Analyze the effects of liquidation on the liquidating corporation
In venture capital contracts, a sale of the company is often deemed to be a liquidation event.
In finance and economics, liquidation is an event that usually occurs when a company is insolvent, meaning it cannot pay its obligations as and when they come due. Bankruptcy Code governs liquidation proceedings; solvent companies can also file for Chapter 7, but this is uncommon.
More specifically, liquidation preference is frequently used in venture capital contracts to specify which investors get paid first and how much they get paid in the event of a liquidation event, such as the sale of the company.
In its broadest sense, liquidation preference determines who gets how much when a company is liquidated, sold or goes bankrupt.
The character of gain or loss recognized by the S shareholder depends on whether the stock is a capital asset in the shareholder’s hands and whether the transaction constitutes a complete or a partial liquidation of the corporation.

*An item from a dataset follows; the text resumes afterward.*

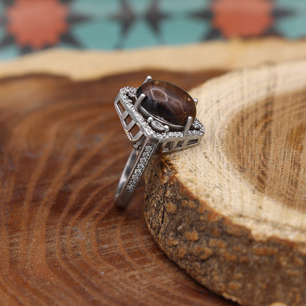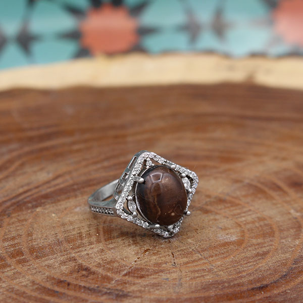 انگشتر عقیق سلیمانی نقره زنانه طرح هنگامه

Long-term or short-term classification of a liquidation that qualifies for capital gain treatment depends on the shareholder’s holding period, with long-term status having significant importance due to the 15% tax rate cap on long-term capital gains.

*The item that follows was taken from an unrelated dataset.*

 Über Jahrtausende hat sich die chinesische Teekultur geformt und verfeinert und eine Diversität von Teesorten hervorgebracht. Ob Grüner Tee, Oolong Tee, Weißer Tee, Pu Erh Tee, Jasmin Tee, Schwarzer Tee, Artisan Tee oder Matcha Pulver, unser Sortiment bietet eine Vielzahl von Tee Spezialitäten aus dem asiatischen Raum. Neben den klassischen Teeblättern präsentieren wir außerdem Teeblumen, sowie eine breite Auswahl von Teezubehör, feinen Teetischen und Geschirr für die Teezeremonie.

This is not the same as its debts being discharged, as happens when an individual files for Chapter 7.FREE TRIAL Tax Management Portfolio, Corporate Liquidations, No. 784-3rd, analyses the tax considerations in connection with the liquidation of a corporation. Evolution of the Tax Treatment of Corporate Liquidations B. The Portfolio highlights traps for unwary taxpayers and discusses planning opportunities in connection with a corporate liquidation. Liquidation preference determines the payout order in case of a corporate liquidation.
The most senior claims belong to secured creditors, who have collateral on loans to the business.